* **Your objective**
What you should give back is a precise copy of the lines below from the one containing "Map 1, Map of Xinjiang" through the one containing "An example of", with no pictures.
******************************
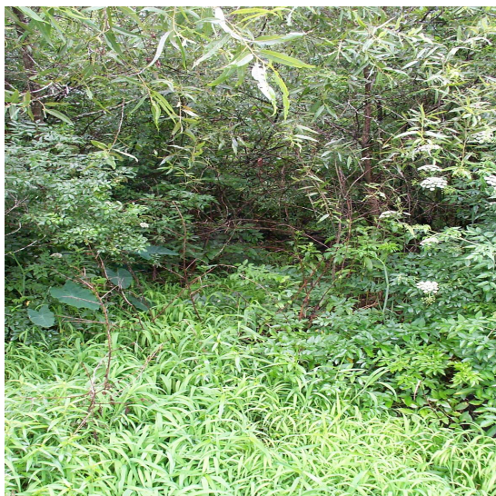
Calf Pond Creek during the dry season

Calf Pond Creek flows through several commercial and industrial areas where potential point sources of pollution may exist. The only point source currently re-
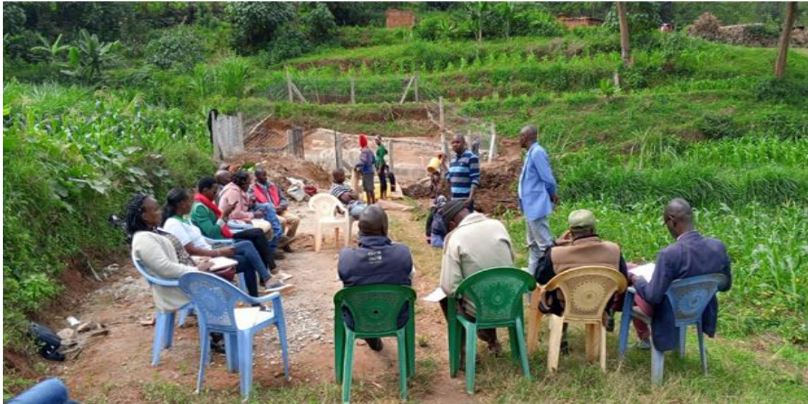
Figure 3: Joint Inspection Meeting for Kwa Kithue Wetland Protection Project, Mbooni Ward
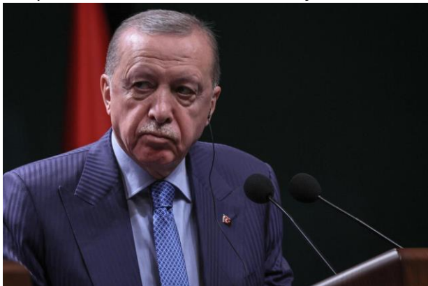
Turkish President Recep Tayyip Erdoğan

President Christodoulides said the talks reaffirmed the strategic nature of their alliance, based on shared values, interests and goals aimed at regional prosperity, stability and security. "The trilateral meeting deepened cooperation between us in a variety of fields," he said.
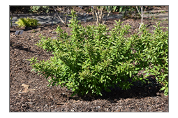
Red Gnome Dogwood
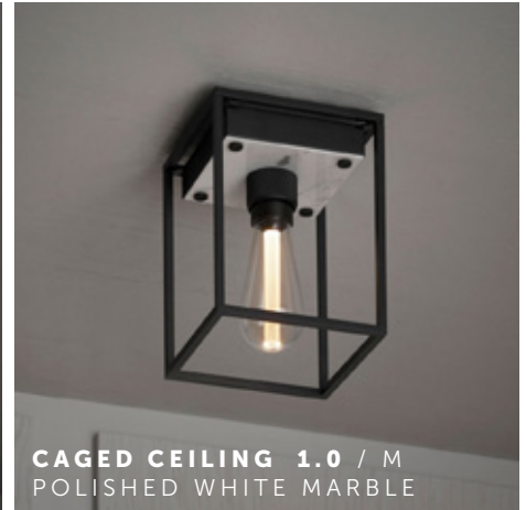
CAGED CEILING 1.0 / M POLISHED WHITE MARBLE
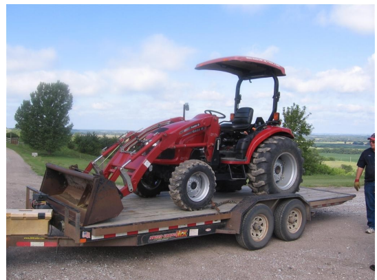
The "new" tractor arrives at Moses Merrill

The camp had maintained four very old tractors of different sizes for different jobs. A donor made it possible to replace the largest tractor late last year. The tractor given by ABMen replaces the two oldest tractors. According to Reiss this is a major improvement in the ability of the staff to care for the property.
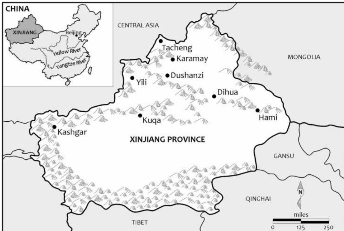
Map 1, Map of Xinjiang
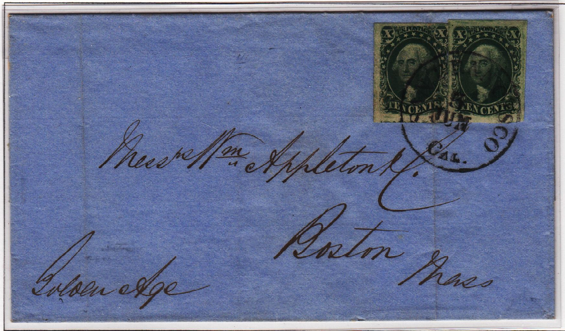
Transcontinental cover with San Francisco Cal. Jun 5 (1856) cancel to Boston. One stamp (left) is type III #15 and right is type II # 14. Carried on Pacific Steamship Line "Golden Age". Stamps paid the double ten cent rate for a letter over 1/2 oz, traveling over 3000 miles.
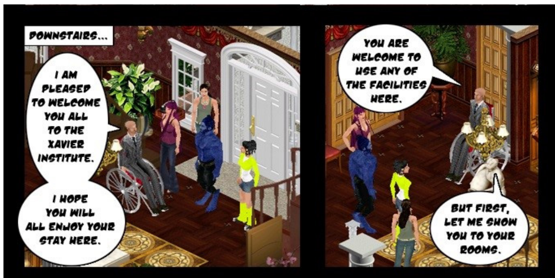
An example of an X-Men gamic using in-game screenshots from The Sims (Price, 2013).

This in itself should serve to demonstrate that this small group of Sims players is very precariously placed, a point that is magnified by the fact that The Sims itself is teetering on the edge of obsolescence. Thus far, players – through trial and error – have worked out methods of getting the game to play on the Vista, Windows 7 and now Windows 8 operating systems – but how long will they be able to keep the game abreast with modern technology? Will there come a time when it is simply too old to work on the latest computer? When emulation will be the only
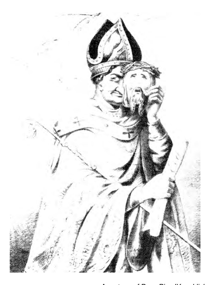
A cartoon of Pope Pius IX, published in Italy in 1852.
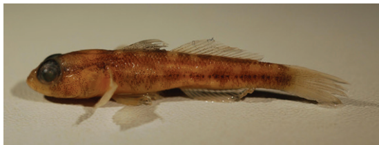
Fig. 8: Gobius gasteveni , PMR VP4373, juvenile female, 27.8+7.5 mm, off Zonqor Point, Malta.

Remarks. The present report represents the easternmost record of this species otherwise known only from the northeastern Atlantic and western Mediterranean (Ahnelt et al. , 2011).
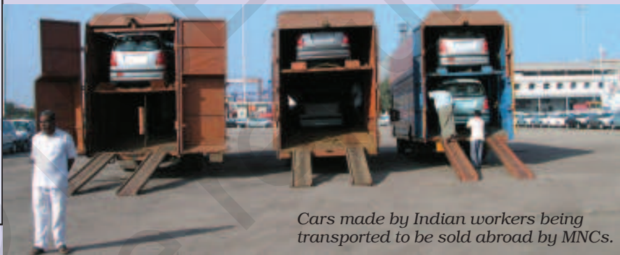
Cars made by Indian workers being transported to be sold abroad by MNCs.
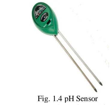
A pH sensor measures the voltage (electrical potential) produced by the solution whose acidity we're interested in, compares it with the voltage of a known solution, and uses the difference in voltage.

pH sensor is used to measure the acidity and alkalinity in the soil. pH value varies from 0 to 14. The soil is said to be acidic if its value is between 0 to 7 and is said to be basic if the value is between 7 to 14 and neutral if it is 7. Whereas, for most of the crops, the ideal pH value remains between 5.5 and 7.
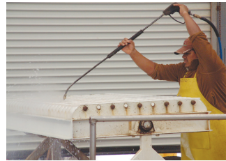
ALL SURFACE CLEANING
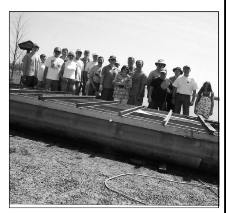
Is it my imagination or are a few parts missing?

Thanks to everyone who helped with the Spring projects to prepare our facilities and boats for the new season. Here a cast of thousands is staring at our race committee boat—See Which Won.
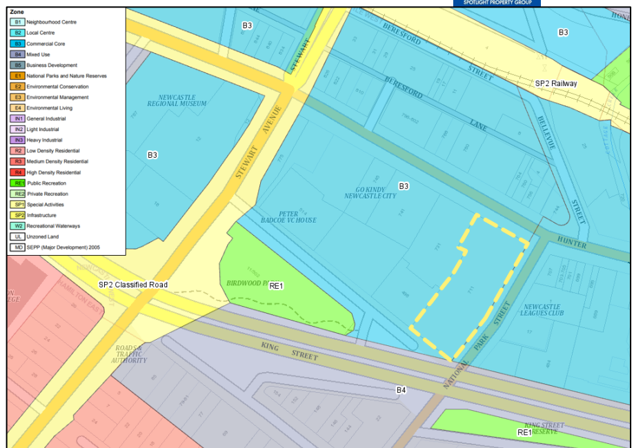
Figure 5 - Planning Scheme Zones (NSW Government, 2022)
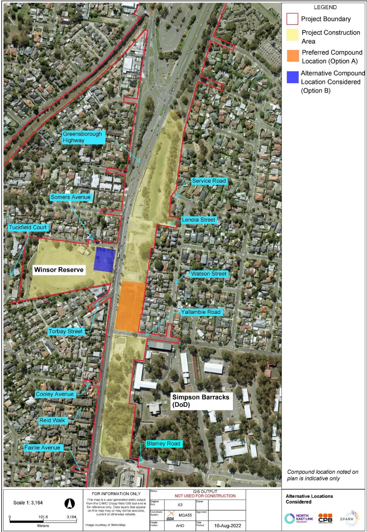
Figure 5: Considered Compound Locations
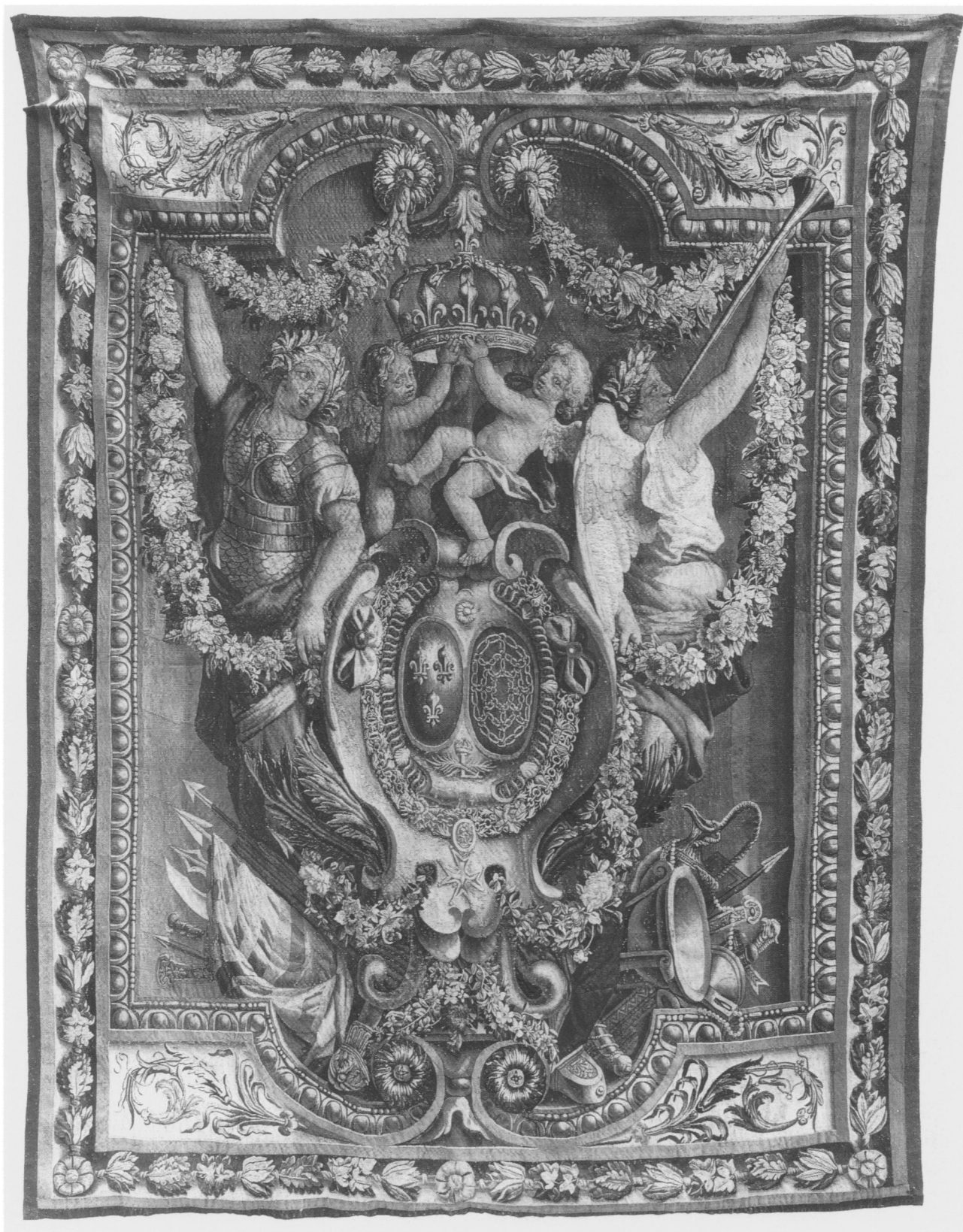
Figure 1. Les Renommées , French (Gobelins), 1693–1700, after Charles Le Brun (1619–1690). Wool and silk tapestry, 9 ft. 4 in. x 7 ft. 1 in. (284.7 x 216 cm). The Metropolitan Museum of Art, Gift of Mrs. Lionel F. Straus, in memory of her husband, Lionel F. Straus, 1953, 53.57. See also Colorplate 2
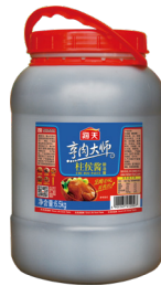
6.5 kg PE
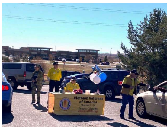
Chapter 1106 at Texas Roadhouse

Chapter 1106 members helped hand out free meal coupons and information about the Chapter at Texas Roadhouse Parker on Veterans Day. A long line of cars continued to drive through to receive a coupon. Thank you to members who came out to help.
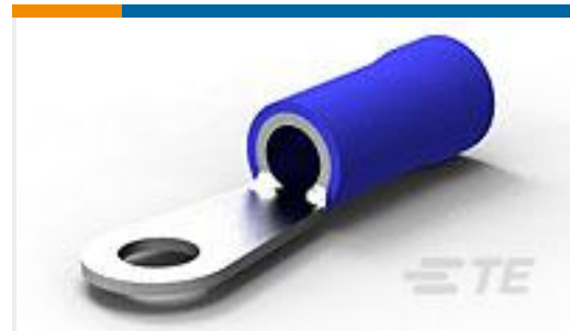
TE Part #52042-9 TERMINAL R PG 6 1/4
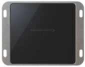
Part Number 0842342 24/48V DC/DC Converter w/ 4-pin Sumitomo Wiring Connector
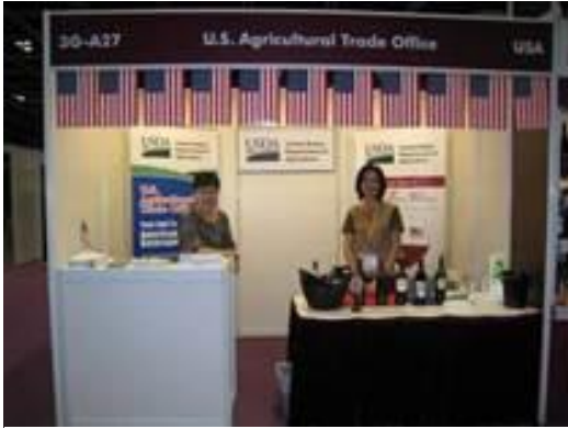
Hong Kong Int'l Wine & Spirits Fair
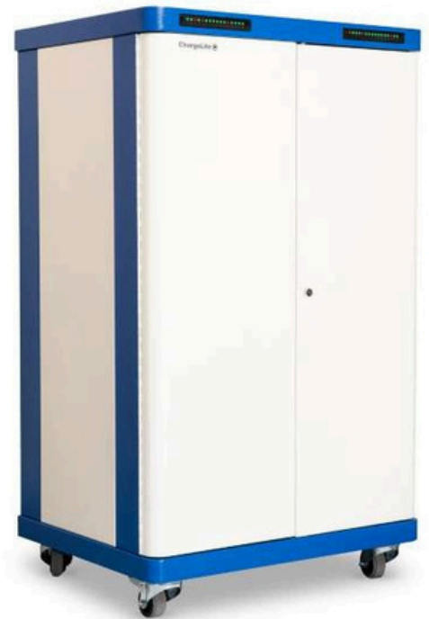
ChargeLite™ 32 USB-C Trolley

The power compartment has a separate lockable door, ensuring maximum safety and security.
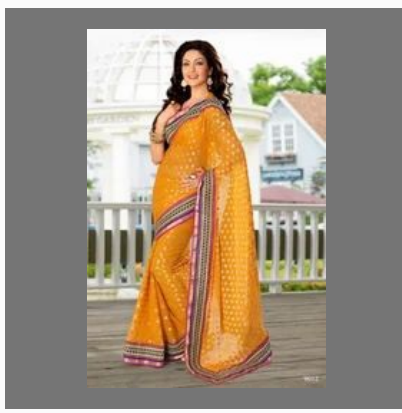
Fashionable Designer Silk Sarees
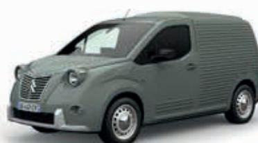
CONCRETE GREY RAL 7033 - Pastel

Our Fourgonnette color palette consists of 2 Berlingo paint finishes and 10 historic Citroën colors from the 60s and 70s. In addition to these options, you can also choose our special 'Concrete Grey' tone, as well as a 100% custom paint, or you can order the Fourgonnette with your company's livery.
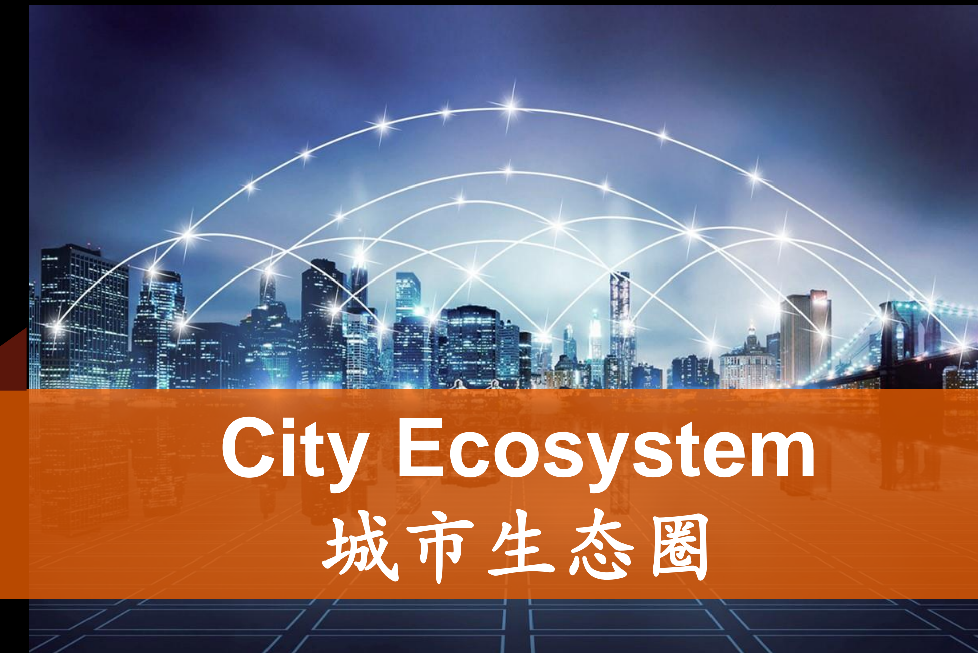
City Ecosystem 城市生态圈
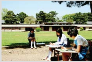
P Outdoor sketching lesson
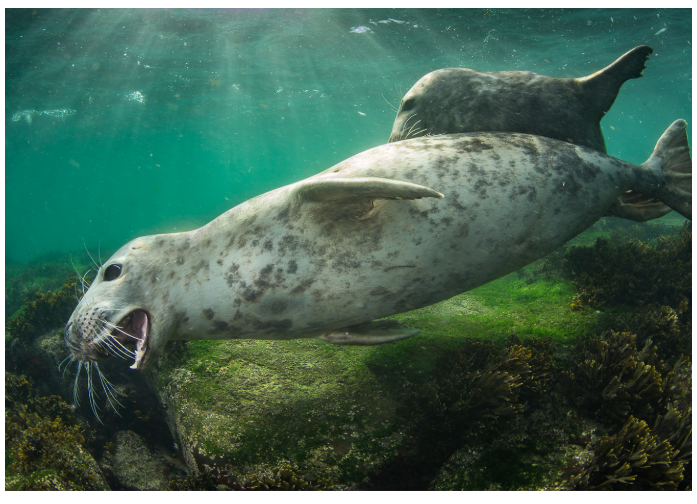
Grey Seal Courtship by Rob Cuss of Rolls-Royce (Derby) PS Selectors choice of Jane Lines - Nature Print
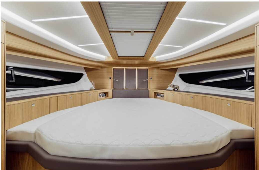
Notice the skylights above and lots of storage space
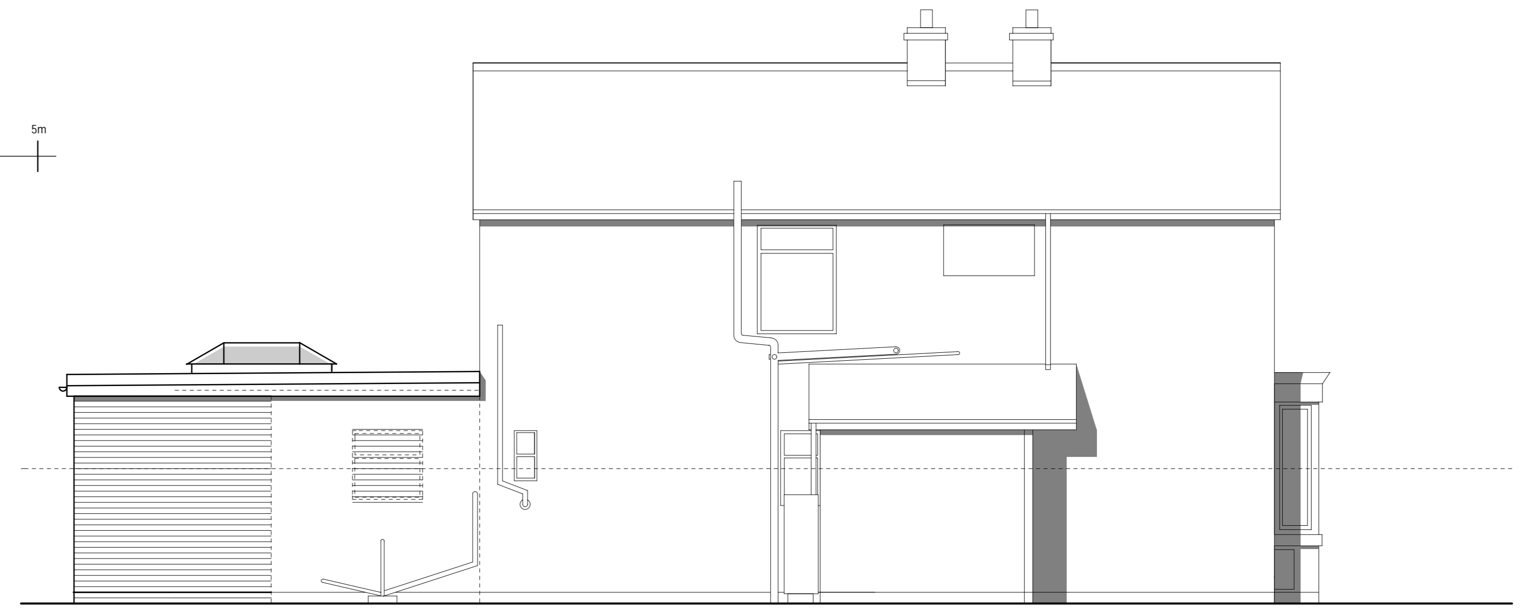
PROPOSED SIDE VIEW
******************************
* **Response box**
Map 1, Map of Xinjiang
Transcontinental cover with San Francisco Cal. Jun 5 (1856) cancel to Boston. One stamp (left) is type III #15 and right is type II # 14. Carried on Pacific Steamship Line "Golden Age". Stamps paid the double ten cent rate for a letter over 1/2 oz, traveling over 3000 miles.
An example of an X-Men gamic using in-game screenshots from The Sims (Price, 2013).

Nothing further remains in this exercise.